Regarding cornrows, I think Pollard would have gone there had his hairline not been receding. That’s why he had to go to the blond dye-job back when he was on the Kings. Takes the attention away from a white dude’s ever-growing forehead.
Great call on Miller/Federline, but how can we be sure Miller was caught with THC in his system? Maybe you’re right and he was caught for overconsuming Humboldt’s biggest cash crop, but are we sure Miller wasn’t caught with some other drug in his system, maybe K-Fed and Britney’s favorite white powder, perhaps?
The NBA has made a practice of not announcing what exact drugs their players are suspended for, but if they were testing for weed as strictly as they want us to believe, wouldn’t half the league be facing suspensions pretty much every season? Otherwise, how would Lamar Odom been able to play an entire season and four playoff rounds this year?
I agree that the lack of uproar over FederMiller might have more to do with his skin pigmentation than the timing of his suspension. However, I wouldn’t go so far as to say Miller wasn’t caught with something in his system more along the lines of what Jaguars receiver Matt Jones was caught cutting up with that credit card in that parking lot in Arkansas earlier this week.
Great post though, and excellent Humboldt knowledge.
Comment by BayAreaSportsGuy | 07.13.2008 | 12:24 pm
It was definitely the evil weed. The suspension for “drugs of abuse” is much longer.
Which brings up an interesting point; if Marijuana is not classified in the language of the drug agreement as either a drug of abuse, or a performance-enhancer, than why in the name of Peter Tosh are they testing for it? Stupid.
Since they do test, maybe Brad should have tried to outsmart the test.

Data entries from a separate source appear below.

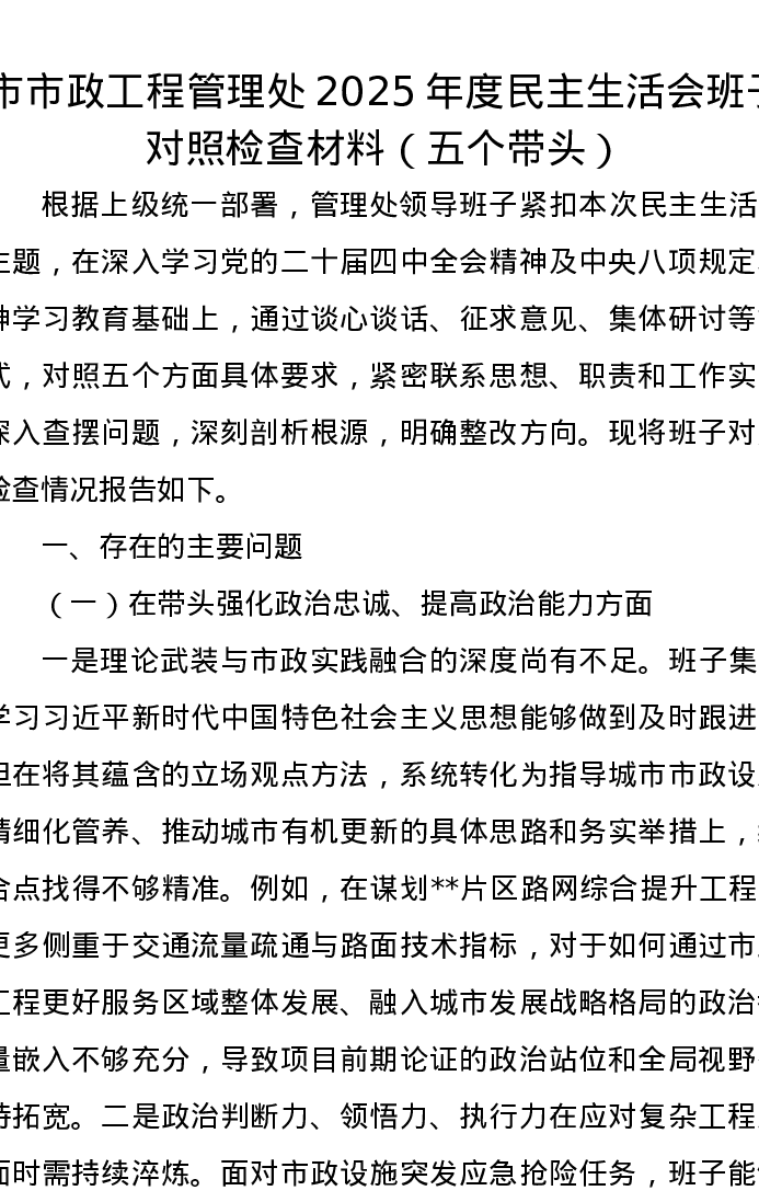 市市政工程管理处2025年度xxxxx班子对照检查材料(五个带头)
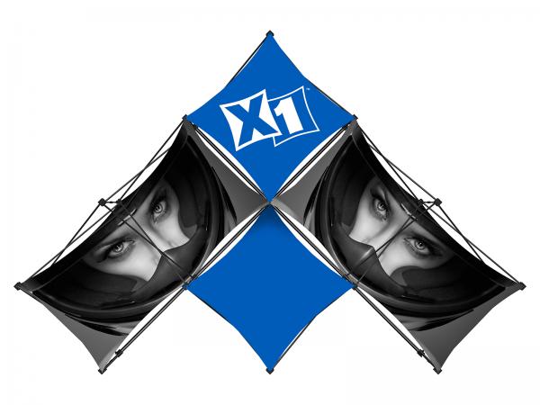 The X1 10ft 6 Quad Pyramid Popup Display is a versatile no tools stretch fabric pop-up display system. Available designs and custom display options bring excitement and flexibility to your exhibit. The X1 is easy to setup, ultra lightweight and portable and even easier to take down. Be off to your next appointment or relaxing while the competition is still sweating through the exhibit break down process. The collapsible pop-up frame uses magnetic connectors with the option of J-hook connectors for more custom or weight bearing displays. Stretch fabric graphics come pre-attached to the frame, and are easily changed out in the field! Kits come with graphics, frame and drawstring carry bag. Kits displayed are our most popular versions. Eight additional frames available plus custom options per request and hundreds of graphic configurations available.
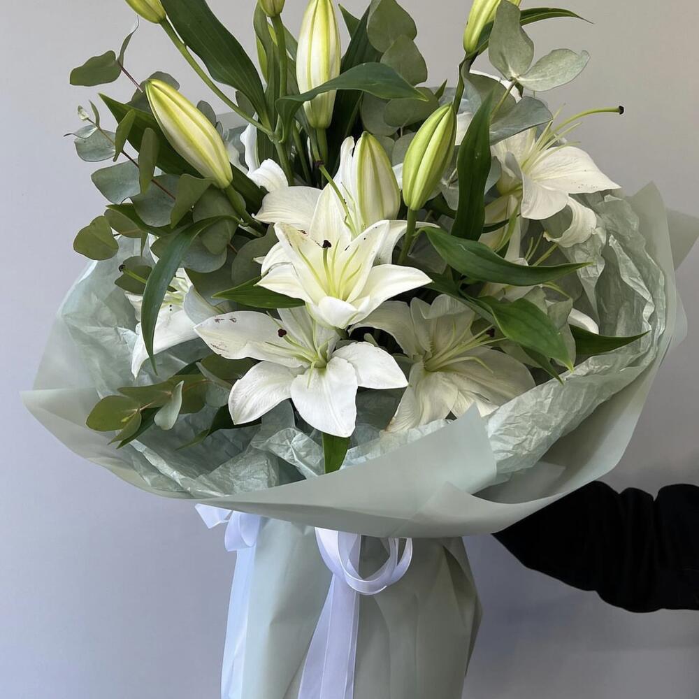 Eucalyptus - 5 pcs Lilies - 10 pcs white ribbon - 2 pcs olive wrapping - 4 pcs

http://www.whizzinator.com
Comment by beardedbarman | 07.13.2008 | 12:46 pm
Those corn rows send a more harmful message to the kids than smoking the purple urple, but who knows, maybe they’re performance-enhancing.
Comment by matthewmeschery | 07.13.2008 | 1:28 pm
It’s true, I got my drug policies confused. They’re almost as confusing as salary caps.
You know, who can blame Brad for self-medicating after a long career with the Kings…trying to follow in Vlade Divac’s footsteps is an impossible mission. The flops, the beard, Miller never had a chance.
I think the cornrows are probably from a bet he made with…Quincy Douby.
Comment by BayAreaSportsGuy | 07.13.2008 | 9:35 pm
Ha. I was waiting for a Douby reference. Good on ya. But yeah. In the previous collective bargaining agreement, there was some ambiguity, as a third weed ding and first-time ‘roid users were both punished with the five gamer. Now, there isn’t so much left to question. And dude, once Vlade gave up his halftime cigarette, I’m pretty sure that VD soothed the pain caused by falling backwards so violently with a little post-game hit of the OG Kush.